> Exercise requirements: Transcribe the records below word for word, beginning with the first line and stopping after the line that contains "山寨幣的流動性受到FTX和T"; pictures are not part of the copy.

Records contained in a dataset
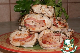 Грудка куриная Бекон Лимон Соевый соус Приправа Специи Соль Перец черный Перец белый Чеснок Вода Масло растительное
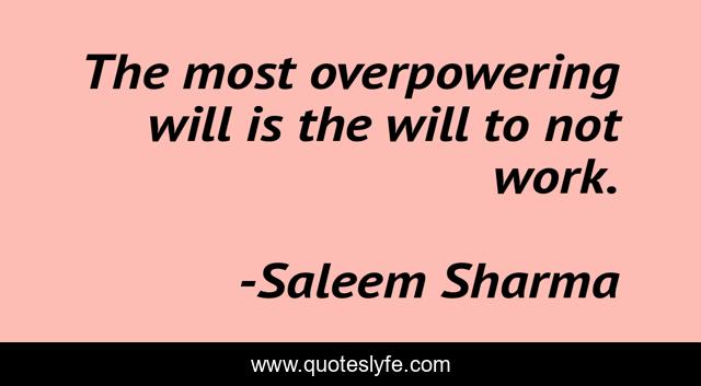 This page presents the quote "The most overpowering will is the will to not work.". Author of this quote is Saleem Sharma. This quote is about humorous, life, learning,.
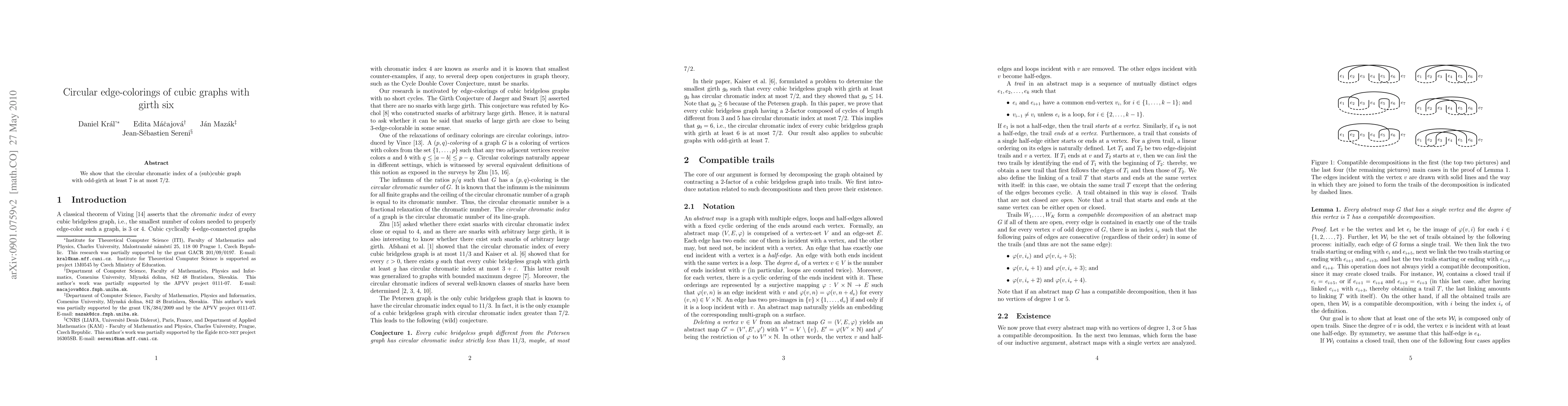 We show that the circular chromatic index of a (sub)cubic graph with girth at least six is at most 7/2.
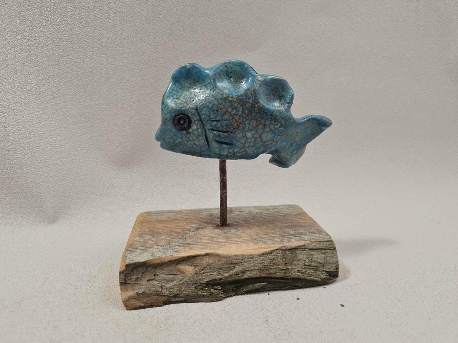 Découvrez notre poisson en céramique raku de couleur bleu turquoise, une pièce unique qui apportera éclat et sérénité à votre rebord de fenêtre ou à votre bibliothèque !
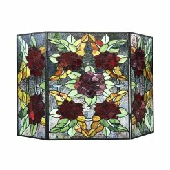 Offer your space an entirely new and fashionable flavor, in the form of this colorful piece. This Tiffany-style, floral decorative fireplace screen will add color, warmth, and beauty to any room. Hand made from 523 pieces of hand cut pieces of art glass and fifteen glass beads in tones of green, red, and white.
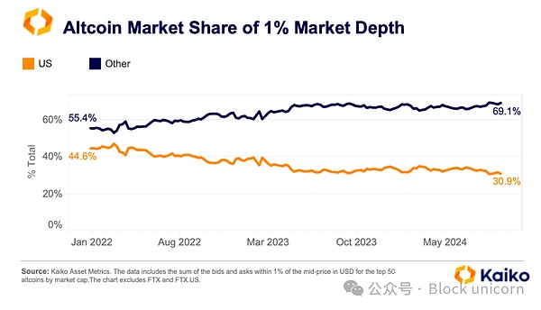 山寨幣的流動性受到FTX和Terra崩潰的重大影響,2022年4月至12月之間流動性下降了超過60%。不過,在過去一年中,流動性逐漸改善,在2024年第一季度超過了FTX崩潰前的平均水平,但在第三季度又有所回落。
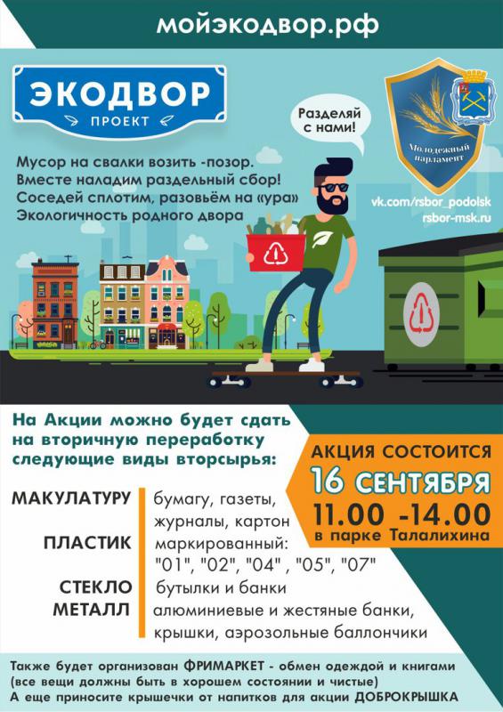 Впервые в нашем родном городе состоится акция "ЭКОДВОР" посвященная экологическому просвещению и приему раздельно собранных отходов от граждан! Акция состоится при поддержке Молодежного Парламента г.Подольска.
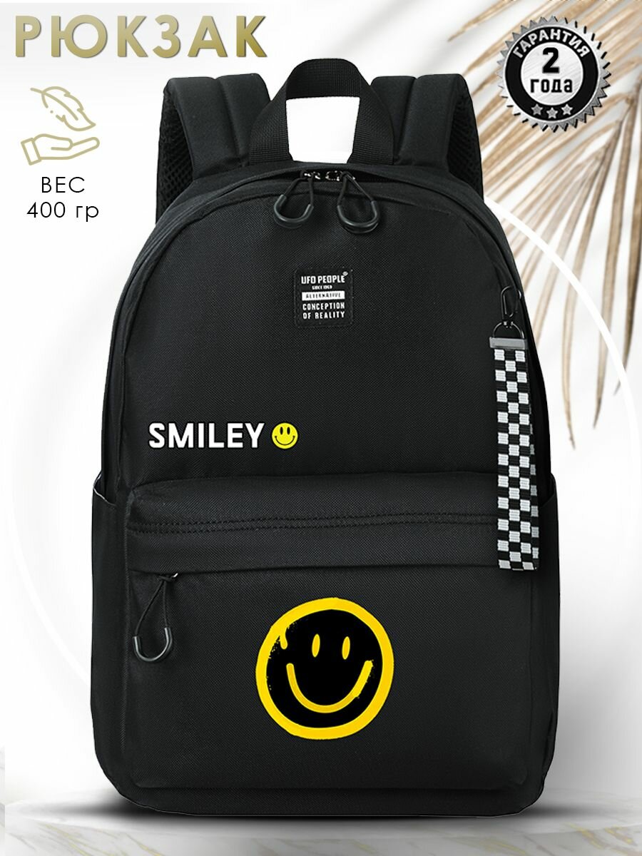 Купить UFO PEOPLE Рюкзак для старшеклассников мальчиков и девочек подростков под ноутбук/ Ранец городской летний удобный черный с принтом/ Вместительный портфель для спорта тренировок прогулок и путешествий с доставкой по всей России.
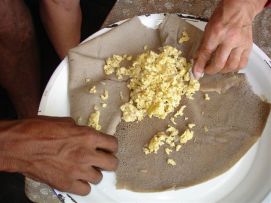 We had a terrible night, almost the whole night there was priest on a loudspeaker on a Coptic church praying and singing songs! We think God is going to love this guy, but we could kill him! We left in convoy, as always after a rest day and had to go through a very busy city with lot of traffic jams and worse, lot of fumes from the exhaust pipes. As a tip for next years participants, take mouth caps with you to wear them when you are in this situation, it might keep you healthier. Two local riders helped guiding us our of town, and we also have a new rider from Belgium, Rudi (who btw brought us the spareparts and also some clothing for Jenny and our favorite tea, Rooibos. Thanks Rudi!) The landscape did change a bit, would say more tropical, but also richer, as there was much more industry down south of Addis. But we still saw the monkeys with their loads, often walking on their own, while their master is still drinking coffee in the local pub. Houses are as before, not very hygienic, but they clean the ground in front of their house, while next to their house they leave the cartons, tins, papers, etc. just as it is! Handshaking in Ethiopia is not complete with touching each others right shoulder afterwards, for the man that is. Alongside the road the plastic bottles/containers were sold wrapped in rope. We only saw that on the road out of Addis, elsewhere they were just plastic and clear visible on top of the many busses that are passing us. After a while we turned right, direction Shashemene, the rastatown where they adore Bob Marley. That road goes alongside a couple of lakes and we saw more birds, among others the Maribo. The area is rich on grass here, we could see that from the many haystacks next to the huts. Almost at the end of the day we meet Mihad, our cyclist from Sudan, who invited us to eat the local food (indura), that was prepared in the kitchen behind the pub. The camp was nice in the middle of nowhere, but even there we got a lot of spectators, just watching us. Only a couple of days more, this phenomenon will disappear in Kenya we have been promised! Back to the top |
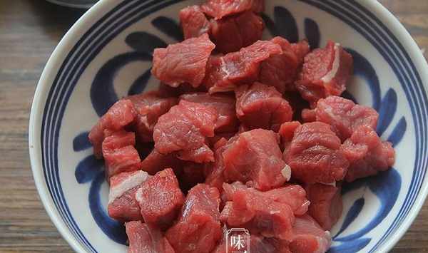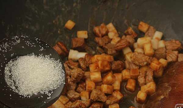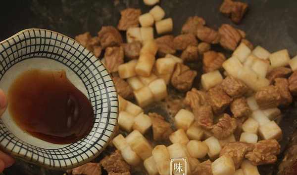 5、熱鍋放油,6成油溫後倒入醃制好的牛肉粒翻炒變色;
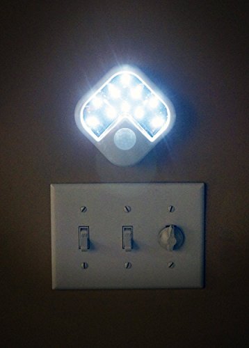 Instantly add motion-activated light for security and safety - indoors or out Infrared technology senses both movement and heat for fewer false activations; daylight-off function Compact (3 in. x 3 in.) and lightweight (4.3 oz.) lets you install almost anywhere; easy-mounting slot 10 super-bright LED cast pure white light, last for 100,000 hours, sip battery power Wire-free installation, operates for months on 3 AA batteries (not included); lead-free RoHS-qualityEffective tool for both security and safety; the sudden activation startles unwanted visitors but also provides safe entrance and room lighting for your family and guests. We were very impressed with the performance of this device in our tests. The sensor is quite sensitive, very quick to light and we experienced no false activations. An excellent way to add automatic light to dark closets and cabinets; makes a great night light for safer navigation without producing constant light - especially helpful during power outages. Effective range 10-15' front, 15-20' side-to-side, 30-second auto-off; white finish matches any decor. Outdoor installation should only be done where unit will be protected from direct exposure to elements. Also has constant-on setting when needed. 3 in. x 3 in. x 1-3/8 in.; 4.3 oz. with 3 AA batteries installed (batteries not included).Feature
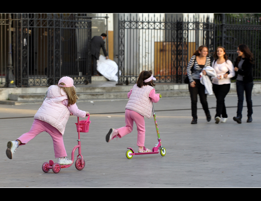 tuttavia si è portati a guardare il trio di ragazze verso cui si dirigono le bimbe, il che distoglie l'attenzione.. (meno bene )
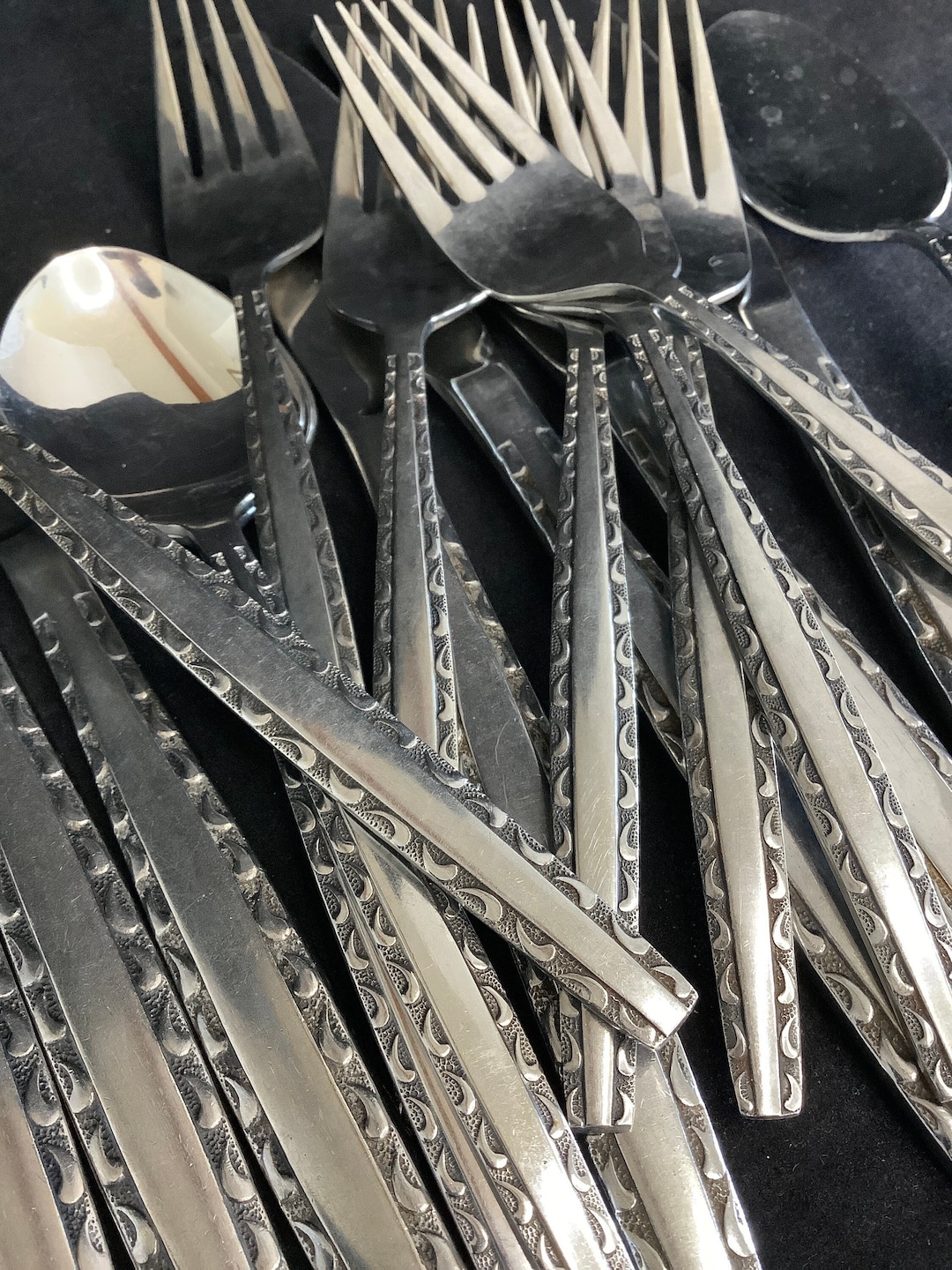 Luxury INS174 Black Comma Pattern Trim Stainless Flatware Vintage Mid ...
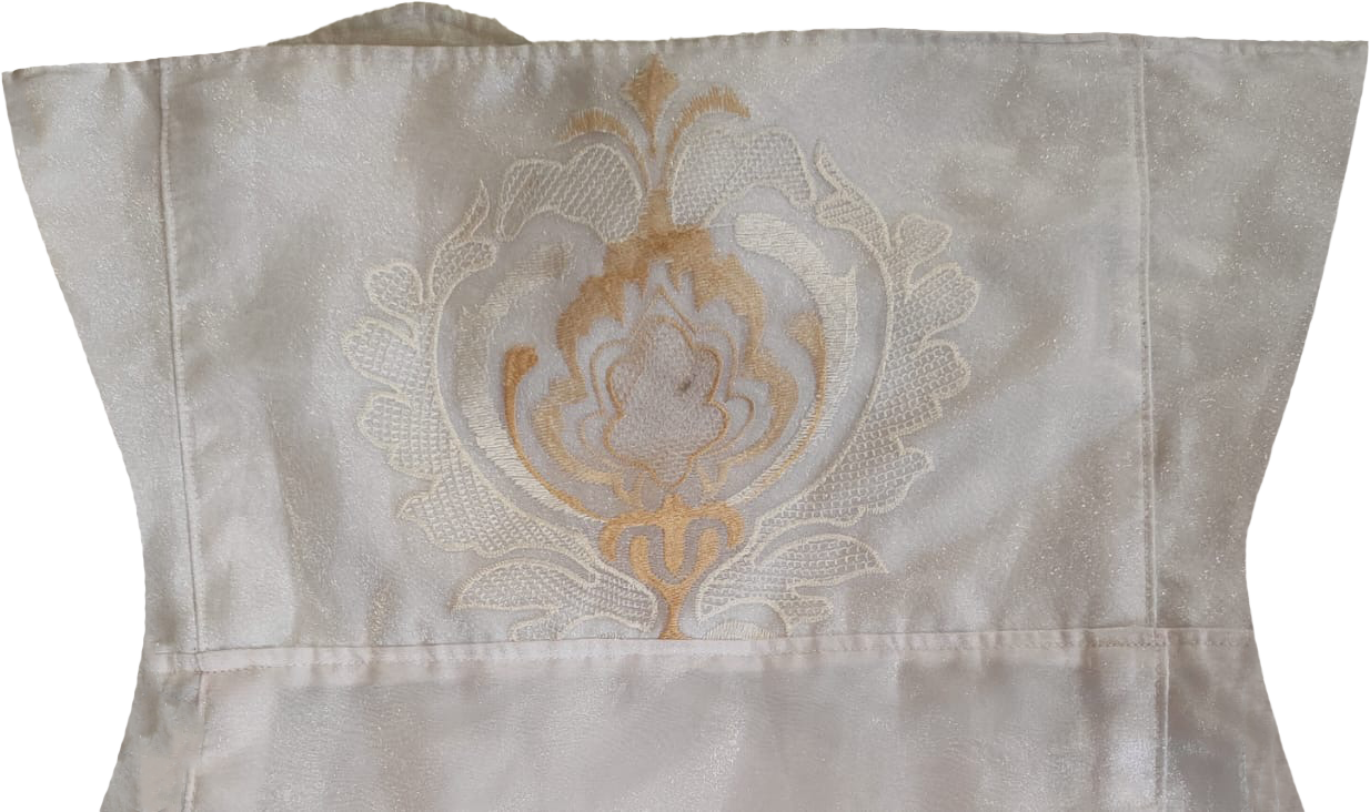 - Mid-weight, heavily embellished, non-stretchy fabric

> Task output:
 Грудка куриная Бекон Лимон Соевый соус Приправа Специи Соль Перец черный Перец белый Чеснок Вода Масло растительное
 This page presents the quote "The most overpowering will is the will to not work.". Author of this quote is Saleem Sharma. This quote is about humorous, life, learning,.
 We show that the circular chromatic index of a (sub)cubic graph with girth at least six is at most 7/2.
 Découvrez notre poisson en céramique raku de couleur bleu turquoise, une pièce unique qui apportera éclat et sérénité à votre rebord de fenêtre ou à votre bibliothèque !
 Offer your space an entirely new and fashionable flavor, in the form of this colorful piece. This Tiffany-style, floral decorative fireplace screen will add color, warmth, and beauty to any room. Hand made from 523 pieces of hand cut pieces of art glass and fifteen glass beads in tones of green, red, and white.
 山寨幣的流動性受到FTX和Terra崩潰的重大影響,2022年4月至12月之間流動性下降了超過60%。不過,在過去一年中,流動性逐漸改善,在2024年第一季度超過了FTX崩潰前的平均水平,但在第三季度又有所回落。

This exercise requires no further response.